▶ RAW DATA:
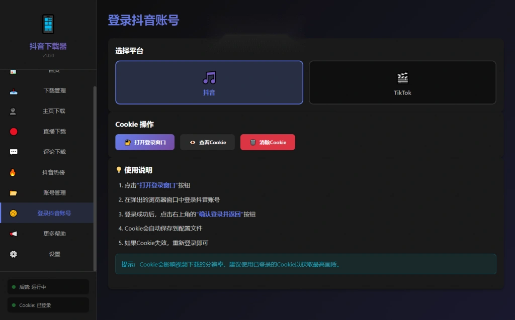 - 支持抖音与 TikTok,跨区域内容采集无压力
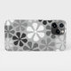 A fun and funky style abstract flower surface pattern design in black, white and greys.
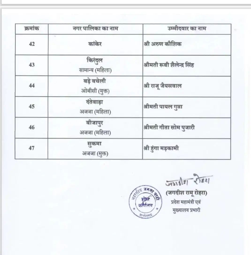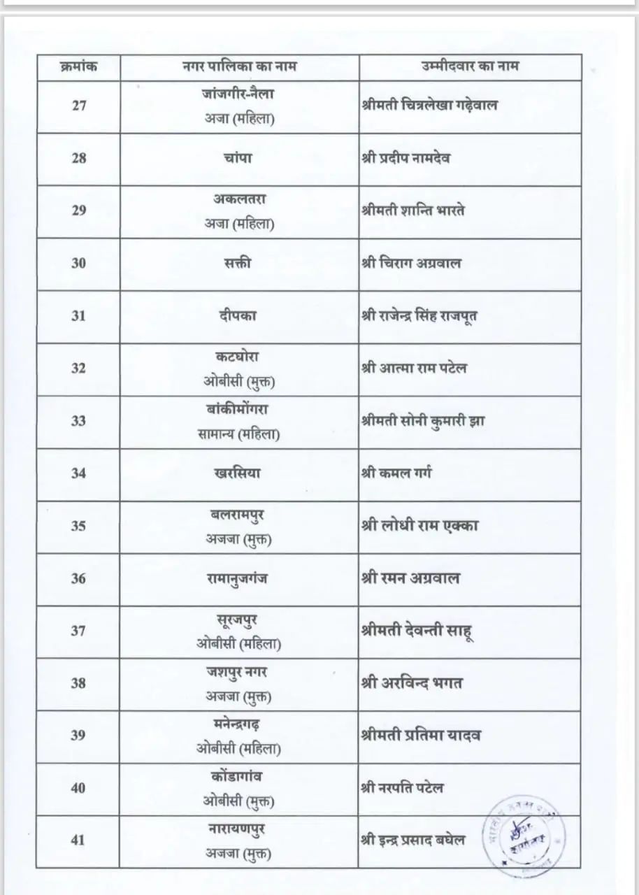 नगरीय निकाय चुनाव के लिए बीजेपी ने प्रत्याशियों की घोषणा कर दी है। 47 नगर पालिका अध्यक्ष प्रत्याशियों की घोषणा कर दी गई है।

▶ BRIEF: Pictures do not belong in the copy. Reproduce the rest of the data exactly.

▶ RESULT BELOW:
 - 支持抖音与 TikTok,跨区域内容采集无压力
 A fun and funky style abstract flower surface pattern design in black, white and greys.
 नगरीय निकाय चुनाव के लिए बीजेपी ने प्रत्याशियों की घोषणा कर दी है। 47 नगर पालिका अध्यक्ष प्रत्याशियों की घोषणा कर दी गई है।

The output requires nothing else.